Treatment of chylothorax may be medical or surgical. Medical management is directed at draining the pleural space and reducing the formation of chyle. Pleural drainage is indicated to relieve respiratory distress and may either be intermittent or continuous. Low-fat diets decrease the triglyceride content of chyle, but there is no evidence that the volume of chyle is similarly decreased. Animals with chylothorax should receive aggressive nutritional support and be supplemented with fat soluble vitamins.

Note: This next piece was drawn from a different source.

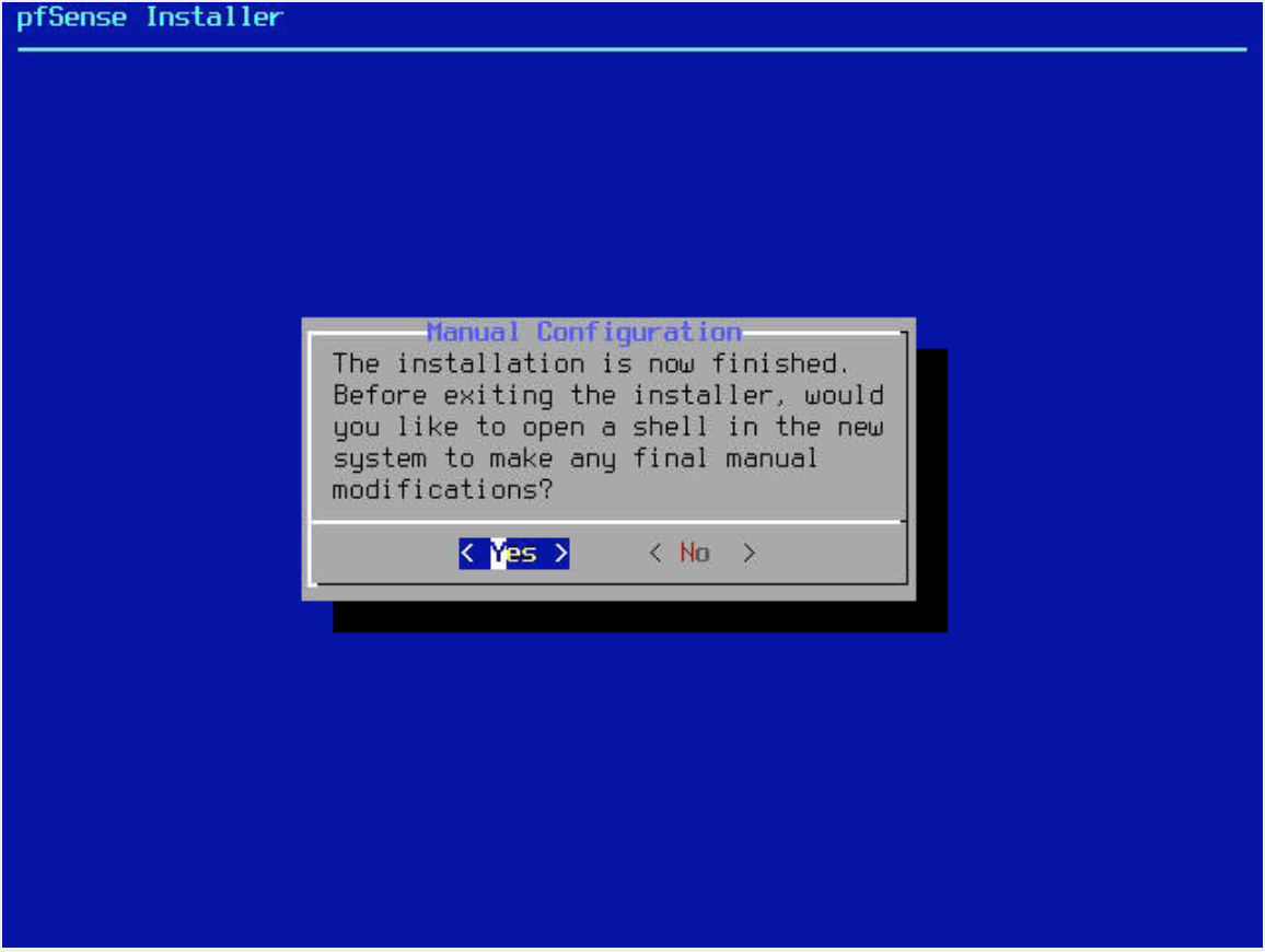 The automatic installation finishes. Choose Yes and confirm by pressing Enter to open a shell in the newly installed system to run a manual configuration:

Surgical management of chylothorax involves ligation of the caudal thoracic duct. The rationale for ligation of the thoracic duct is based on formation of lymphaticovenous anastomoses that divert chyle flow away from the thoracic duct system. Absolute indications for surgical intervention are not established in animals. The following indications for surgery are suggested: 1) failure to significantly diminish the flow of chyle after 5 to 10 days of medical management, 2) losses of chyle exceeding 20 ml/kg/day over a five day period, or 3) protein-calorie malnutrition and hypoproteinemia. Transthoracic ligation of the thoracic duct is accomplished through a right ninth or tenth intercostal thoracotomy in the dog. Failure to ligate all collateral branches of the caudal thoracic duct is thought to be a most common cause of operative failure. For this reason, en bloc ligation of all structures in the caudal mediastinum dorsal to the aorta is recommended. Intraoperative lymphangiograms performed to ensure complete ligation of the thoracic duct have been advocated, however this approach substantially increases operative time and requires facilities for taking intraoperative radiographs. The success rate for surgical management of chylothorax alone is generally less than 60%. Combined mechanical pleural pleurodesis and thoracic duct ligation, both performed via median sternotomy, is currently undergoing clinical evaluation and shows early promise for improving the success of surgery.
Despite vigorous attempts at medical and surgical management, a significant number of animals with chylothorax will fail to respond to therapy. Pleuroperitoneal shunting and chemical pleurodesis have been advocated as palliative treatments for refractory chylothorax. Chronic chylothorax can cause a constrictive pleuritis that may require decortication.